2009年版『このミステリーがすごい!』で1位に輝くなど日本でも話題を集めたトム・ロブ・スミスの『チャイルド44』を「インセプション」「ダークナイト ライジング」のトム・ハーディ主演で映画化したクライム・ミステリー。スターリン独裁政権下のソ連を舞台に、国家が揉み消した連続猟奇殺人事件を巡り、一人のエリート捜査官が全体主義国家の恐るべき不条理に立ち向かって真相究明に奔走するさまをスリリングに描く。共演はゲイリー・オールドマン、ノオミ・ラパス。監督は「デンジャラス・ラン」のダニエル・エスピノーサ。
1953年、スターリン政権下のソ連。ある夜、国家保安省(MGB)のエリート捜査官レオは、変死体となって発見された戦友の息子の亡骸と対面する。事件性は明白だったが、上司は“理想国家のソ連にこのような犯罪は存在しない”との理由で事故死として処理するよう命じる。疑念が拭えない中、今度は最愛の妻ライーサにあらぬスパイの容疑がかけられ、レオに妻を告発するよう圧力がかかる。これを拒否したため、レオは地方の警察署に飛ばされてしまう。するとそこで、再び少年が被害者の猟奇殺人事件に出くわす。犯人を野放しにするわけにはいかないと、署長のネステロフに協力を仰ぐレオだったが…。
http://www.allcinema.net/prog/show_c.php?num_c=352642

ネタバレ

「楽園に殺人は存在しない」

スターリンのせいで、1日2万5千人が餓死した時代。多くの子どもが孤児となった。

孤児院でのリンチを目撃した孤児が逃げていく。彼はストリートチルドレンになるが、親切な大人が彼に話しかける。「名前は?」「いらないから、捨てた」
彼はレオと名付けられる。

1945年、ベルリン。
兵士として優れた才能を示したレオは、ベルリンの国会議事堂を陥落させ、その上で旗を振る写真を撮影される。彼の写真は「ソ連の英雄」として報じられる。

1953年、モスクワ。
レオは女の子や仲間たちと食事をしている。彼はある女の子を口説いているようだ。

国家保安省の捜査官になったレオは軍の命令で、スパイを匿っているらしい家を捜索する。男は見つかるが、逃げようとしたところを殺される。彼を匿った家の両親は殺され、子どもも殺されそうになる。だが、レオがそれを見つけて激昂する。「子どもは関係ない!」殴られた部下・ワシーリーはイライラするが、レオは子どもたちにできるだけ親切にしようとする。
レオは帰宅して、嫁を抱きしめる。

その頃、モスクワの街には子どもに声をかける謎の男の姿が目撃される。

レオの嫁・ライーサは体操の教師をしている。

レオの仲間のアレクセイの息子が、列車にひかれたという話を耳にするレオ。だが、アレクセイは事件だと思っていない。見つかった時に息子は裸だったこと、証人もいることがわかる。
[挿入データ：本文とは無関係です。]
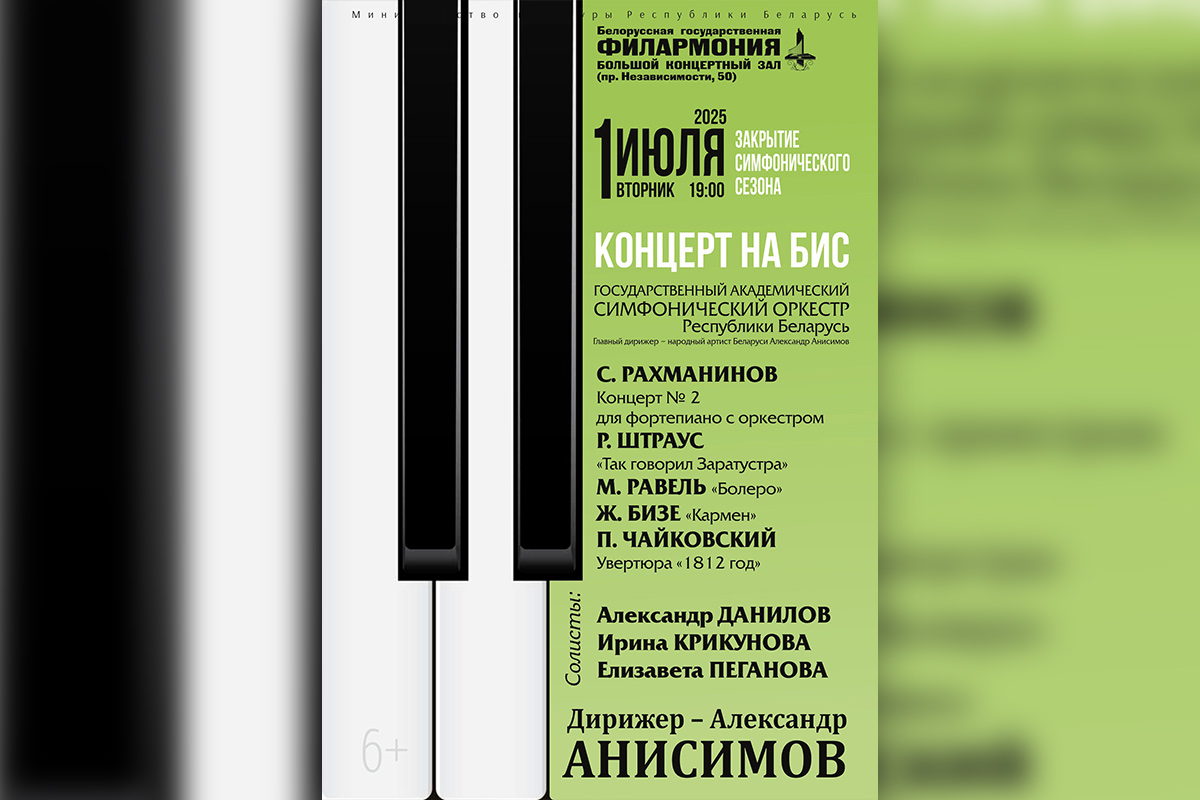 Это дополнительный концерт — закрытие сезона. В Большом зале филармонии прозвучат самые узнаваемые и любимые произведения Сергея Рахманинова, Рихарда Штрауса, Жоржа Бизе, Мориса Равеля, Петра Чайковского. Дирижер — народный артист Беларуси Александр Анисимов.

その一方で、ライーサの働く学校で教師が次々逮捕される。レオは彼女と怪しい男の関係を疑い、自分を拾ってくれた父親的存在(冒頭でレオに名前を付けてくれた人)に、嫁について相談する。しかし、その日の夜にライーサが妊娠していることが判明する。

またライーサの同僚がつかまる。彼女について調査するレオだが、もちろん彼女はスパイではない。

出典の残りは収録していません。